Interview with Chargers COO Jim Steeg

The following interview was conducted on Friday, October 14, four days after the Bolts one-point loss on Monday Night Football against the Steelers. Once again, I'd like to thank Chief Operating Officer and Vice President Jim Steeg for taking my calls. I know that he doesn't actually deal with personnel or call plays. However, there were a few times that I couldn't help but vent my frustrations to someone so close to the action.

RLW: I keep seeing your name in the news these days. First, you took a little flack for opening the parking lots later for the Giants game. I read that you felt that people want to make a name for themselves on national television and that less partying might minimize that. You've also tried to make our home field a place that the opposition fears playing in. From one East Coaster to another, what's been the biggest difficulty getting universal home support on game day?

JS: First off, San Diego is a transient town. There are no second or third generation San Diegans. The atmosphere is really electric this season and that starts with our season ticket base. I got an e-mail right before Monday Night's game from a guy I always hear from who lives in Orange County. He wanted to apologize that he would be coming to the game in Steeler gear since he's originally from Pittsburgh. But the other seven home games he's a Charger fan. We've tried to really strengthen the ticket base with the mini-packs. One had traditional favorites like the Giants, Dallas and Pittsburgh. The other one had local rivals like Oakland and San Francisco.

The last three games we've had 25,000 people come through the building. That's more than any other three-game stretch in team history. It all starts with pride in your building. Unfortunately, we dropped two of those games, but we'll learn how to win those. The intensity over the last three home games has been amazing. The players love to be in an environment that inspires them to succeed. San Diego fans aren't about going after the opposing team's supporters. They have the attitude that other fans can enjoy the city and boost the economy. I mean, Steelers fans took over the Gaslamp District. But the game is a different story. We thought that the white towels would counteract the yellow.

RLW: I know that some local fans commented after the game that they were happy that the Chargers stayed with one of the elite teams in football until the very end. I don't subscribe to that and I know A.J. Smith doesn't. When it comes to something like shoring up the secondary, it seems like there are much higher standards set for this organization. That's why I stand by his decision to suspend Gates for the first game. It seems like being close is no longer good enough. Do you sense that out there?

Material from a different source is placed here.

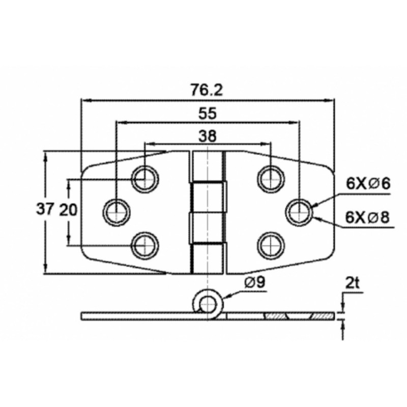 Cerniera con copertura in acciaio inox aisi 316 - Dimensioni 76 x 37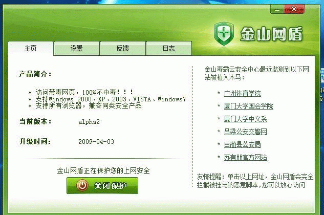 金山網(wǎng)盾是一款互聯(lián)網(wǎng)瀏覽網(wǎng)頁安全防互軟件,能全方位解決上網(wǎng)中的安全隱患,產(chǎn)品大小不到800k,安裝后占用內(nèi)存不到1M,可在不影響你正常瀏覽的前提下,防范掛馬網(wǎng)站、帶毒網(wǎng)站、釣魚欺詐等惡意網(wǎng)站,全方位解決上網(wǎng)中的安全隱患,產(chǎn)品支持所有瀏覽器,不卡瀏覽器,使瀏覽更順暢,完全免費(fèi),無任何插件,是上網(wǎng)必備軟件。

JS: Absolutely. I can tell you that no one was happy around here this week. Things are improving. New England claims that their schedule is the most difficult in the league, but ours is right up there. One of my main goals has been taking pride in the building. That means giving the fans the best possible time while they're here. Otherwise, they can just watch the game at home. I heard Hank Bauer comment on the intensity in the stadium over the last three games. That translates to what's happening on the field. I also read Jay Glaser's column this week that mentioned that we are the team best situated over the next four years. We will be 25 million dollars under the cap. LT, Jamal, Foley and Antonio are all signed for the long term. Drew's the only one who doesn't have a long-term deal.

RLW: Well, I have a lot of friends who would love to trade for one of our quarterback. They've got some real good defensive players over there.

JS: (Laughing) I assume you're talking about frustrated Jets fans.

RLW: I know that you don't deal with such matters. But if you see Cam Cameron walking around, you can mention that the reverse is a good call when the defense is stacking the line.

JS: (Silence)

RLW: Getting back to the fans, I assume you've gotten a lot of positive feedback on the team wearing the throwback uniforms on Monday Night?

JS: Oh yeah, and everybody did a great job in painting the field to match them.

RLW: You know that there a lot of petitions for the team to wear the uniforms permanently.

JS: The figures I've seen are pretty split. The way I see it, we have two uniforms. I don't mean like what Dallas has with the star in the middle. We have two separate looks.

RLW: As long as you don't go back to white jerseys and white pants.

JS: You mean the ice cream look?

RLW: My friend Craig calls it the disco look. I saw that quote in Nick Canepa's column where you referred to yourself as "a new sheriff in town."

JS: That was at one of the city meetings. San Diego isn't like Boston (his hometown) or New York (mine). Canepa has to come up with a column regularly and right now we're the only game in town except for the Aztecs.

RLW: Well, thanks again for taking the time and especially for the Tomlinson ball. It's in a case over my TV. I touched the outside for good luck at the end of the Steelers game, but to no avail.

JS: I had a Ted Williams ball like that when I was a kid. Maybe the case nullified the effect.

RLW: LT is a hell of a lot nicer than Ted Williams, that's for sure. Thanks again and I will talk to you soon.

NOTE: I did light my "Terrible Towel" from the 1994 AFC Championship game on fire to try to eliminate the bad mojo from the loss on Monday Night. My in-law's neighbors thought I was a teenage pyro, but it worked until the Philly game. Jim Steeg, on the other hand, was back East attending the funeral of Wellington Mara and will return for this weekend game against the Jets. We wish him the best here at Justice Is Coming.